After filtering the virtual data as described above, machine learning is performed using a predetermined machine learning algorithm. (S4) The machine learning algorithm uses a DBN (Deep Belief Network) algorithm. The DBN algorithm can be used even when there is no information on the steady state or abnormal state in the data information obtained from the sensors. At this time, a plurality of different DBN algorithms (DBN_A to N) are applied to each of the plurality of faults (A to N).

(S5), the machine learning diagnostic models (Model_A to N) are generated for the plurality of faults (A to N), respectively, by using the DBN algorithm . For example, among a plurality of machine learning diagnostic models, Model A (Model A) refers to a model for diagnosing whether a fault A is in a steady state or an abnormal state. The machine learning diagnostic models (Model_A to N) can be modified in accordance with real-time data and diagnosis results to be described later.
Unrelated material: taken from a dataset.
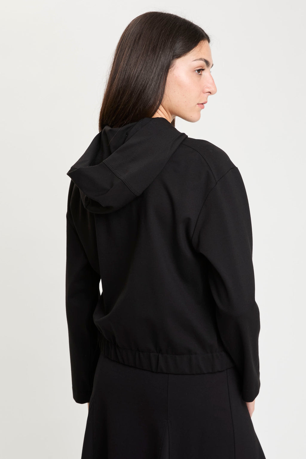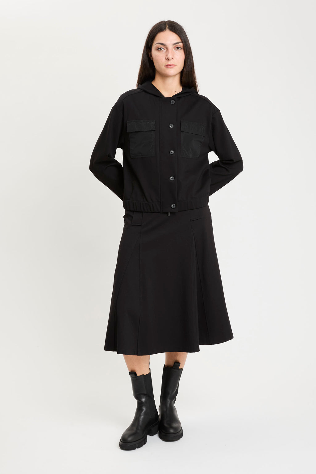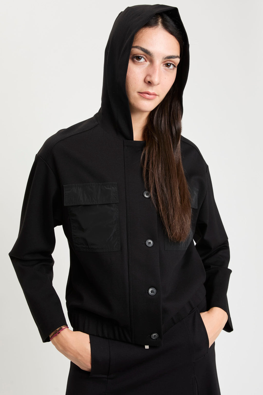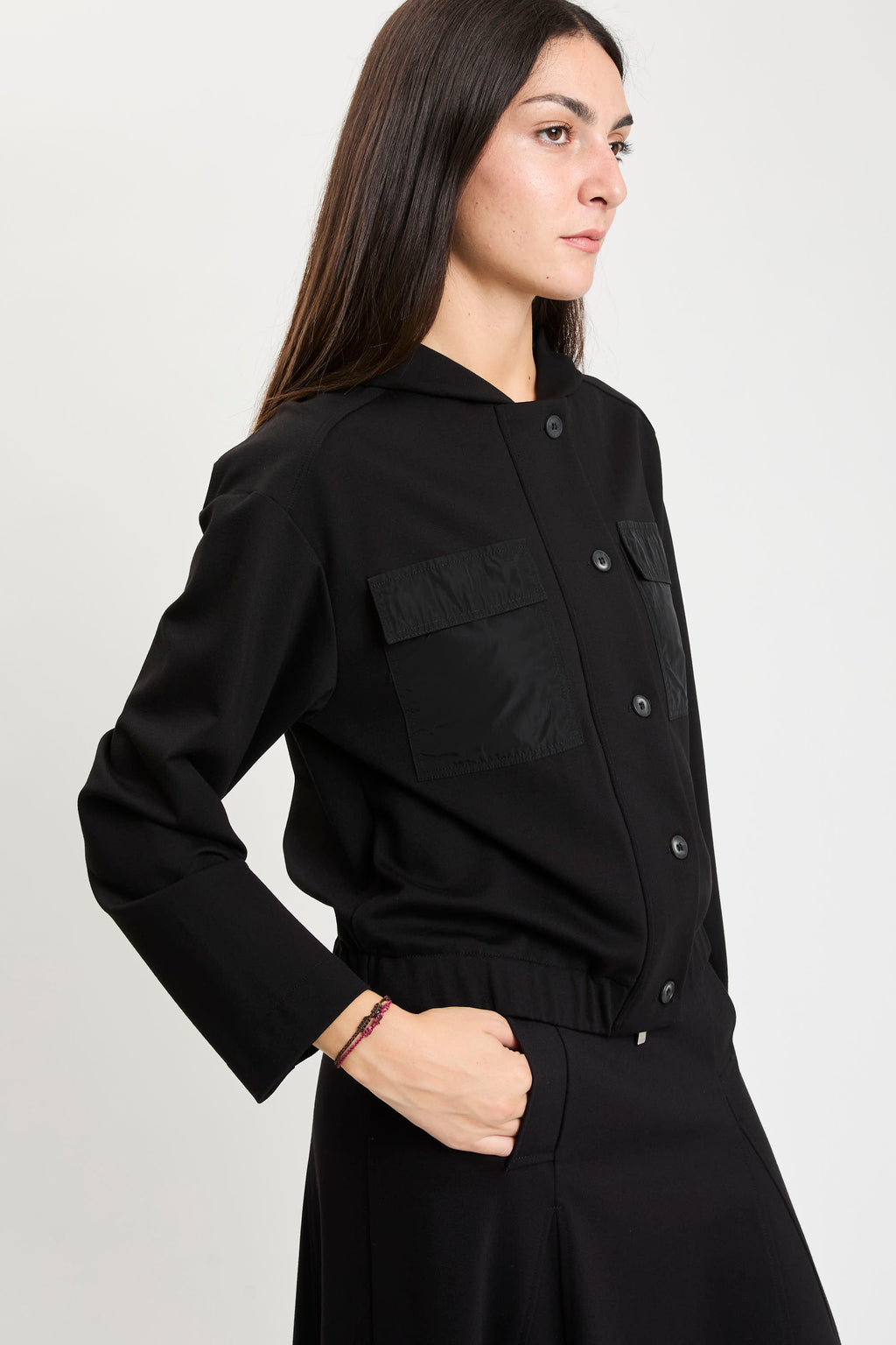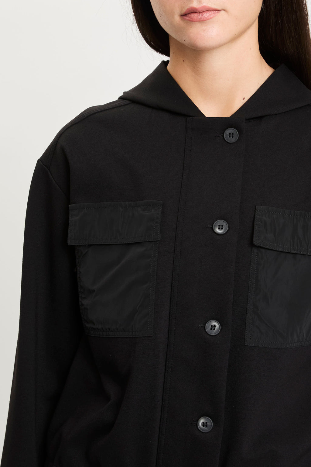 Giacca-camicia dal design minimal in tessuto nero compatto, arricchita da due taschini applicati sul petto in tessuto tecnico lucido. La chiusura frontale è con bottoni a vista tono su tono, mentre il fondo elasticizzato garantisce comfort e una vestibilità pratica. Le maniche sono lunghe con polso semplice e il cappuccio completa il capo con un tocco sportivo-contemporaneo.

As described above, when a plurality of machine learning diagnostic models (Model_A to N) are generated for a plurality of faults (A to N), the air conditioning system can be actually operated to apply the machine learning diagnostic model. S6)

When the air conditioning system is actually operated, the sensors provided in the air conditioning system measure data in real time. (S7) Measurement data measured by the sensors are shown in Table 1.

The measurement data measured by the sensors are subjected to a filtering process to generate real-time data. (S8) The filtering process is the same as the filtering process of the learning data. That is, the measurement data is normalized and the dimension is reduced through a principal component analysis algorithm.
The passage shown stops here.